# Buffalo NO.15 Drill press restore



## Danow (Feb 1, 2021)

I inherited my grand dads drill press.  I was a rust bucket that was in my dads shed for 30 or 40 years.  It was covered in dirt and rat crap....  
I took her apart and sandblasted what I could and then painted it.   Bearings were good so I didn't replace any the motor worked fine.  I did change the start stop switch to a new style however.   I have uploaded some before and after photos.


----------



## Aukai (Feb 1, 2021)

Very good


----------



## brino (Feb 1, 2021)

Wow!

Excellent first post.

Welcome to the group!

-brino

EDIT: also great new colour......


----------



## matthewsx (Feb 1, 2021)

Hello and welcome  

That's a beautiful little drill press that will do some serious work, just right for a hobby machine shop. Always nice to keep something like that in the family too, grandad would be proud.

John


----------



## Danow (Feb 1, 2021)

brino said:


> Wow!
> 
> Excellent first post.
> 
> ...


Thanks


----------



## Danow (Feb 1, 2021)

matthewsx said:


> Hello and welcome
> 
> That's a beautiful little drill press that will do some serious work, just right for a hobby machine shop.
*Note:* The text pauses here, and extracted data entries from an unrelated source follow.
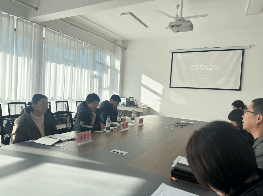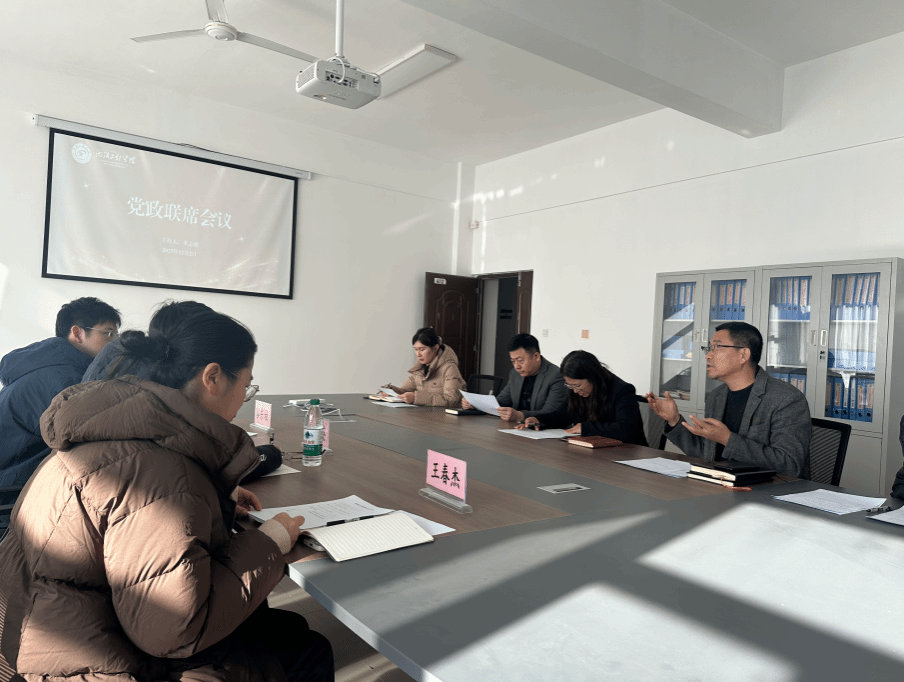 12月2日,太阳成集团tyc234cc根据学校党委的工作要求,邀请国际教育学院党总支书记娄玉英一行3人参加太阳成集团tyc234cc部门党政联席会议旁听,会议由党总支书记董志刚主持,班子全体成员共同出席,会议共有两项议程,一是决定太阳成集团tyc234cc关键岗位人员配备申请问题,二是决定太阳成集团tyc234cc2026年招聘计划信息表申报问题,会议严格执行了部门党政联席会议议事规则相关规定,规范地完成了本次会议的两项议程,双方还就如何提升高质量发展进行了友好交流。党委组织部谷东柏、国际教育学院办公室主任王春杰共同参加了本次旁听会议。
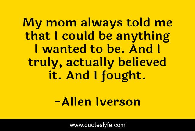 This page presents the quote "My mom always told me that I could be anything I wanted to be. And I truly, actually believed it. And I fought.". Author of this quote is Allen Iverson. This quote is about me, always, anything,.
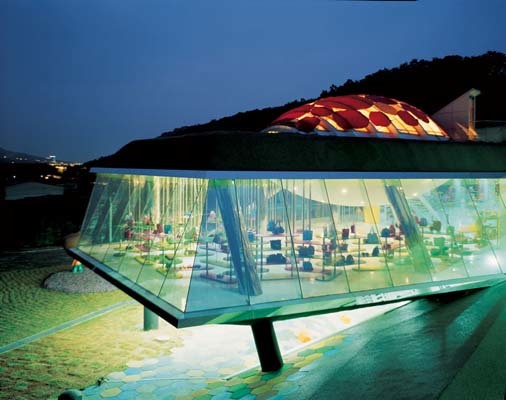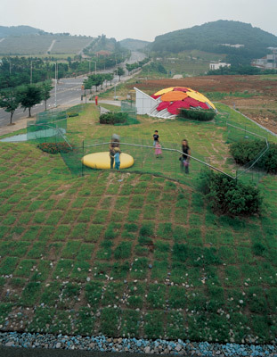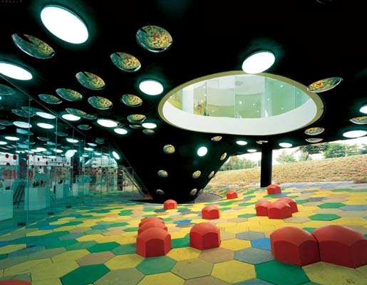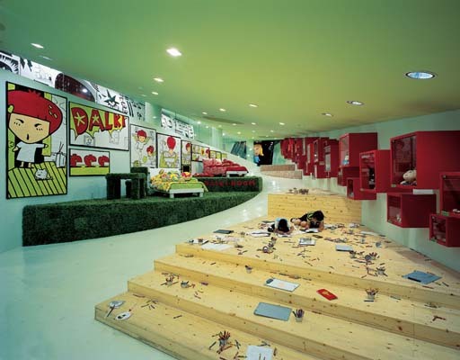 Dalki is a cartoon character invented to market clothes and other products for children and teenagers. She is an imaginary girl who lives in a garden with her friends. Dalki Theme park is a building where these imaginary characters interact with human visitors in a real, physical setting. The space accommodates shopping, playing, eating and lounging as well as exhibits dealing with scale, nature and the Dalki characters.

Always nice to keep something like that in the family too, grandad would be proud.
> 
> John


Yep there was no way I was going to let this thing go out to pasture.


----------



## Danow (Feb 1, 2021)

Aukai said:


> Very good


Thanks


----------



## Boswell (Feb 1, 2021)

Very Nice work and welcome to the forum


----------



## Danow (Feb 1, 2021)

matthewsx said:


> Hello and welcome
> 
> That's a beautiful little drill press that will do some serious work, just right for a hobby machine shop. Always nice to keep something like that in the family too, grandad would be proud.
> 
> John


Thanks...  My dad would have liked it as well.  Wish I would have restored it sooner.


----------



## Danow (Feb 1, 2021)

Boswell said:


> Very Nice work and welcome to the forum


Thanks


Boswell said:


> Very Nice work and welcome to the forum


----------



## Danow (Feb 1, 2021)

Boswell said:


> Very Nice work and welcome to the forum


Thanks


----------



## Danow (Feb 1, 2021)

brino said:


> Wow!
> 
> Excellent first post.
> 
> ...


I picked the color because it is the color of my sons car ( Colbalt Blue Colbalt)  I was going to paint it the original gray but now I really like the cobalt blue and I plan on using it on my other restores.


----------



## matthewsx (Feb 1, 2021)

Danow said:


> Thanks...  My dad would have liked it as well.  Wish I would have restored it sooner.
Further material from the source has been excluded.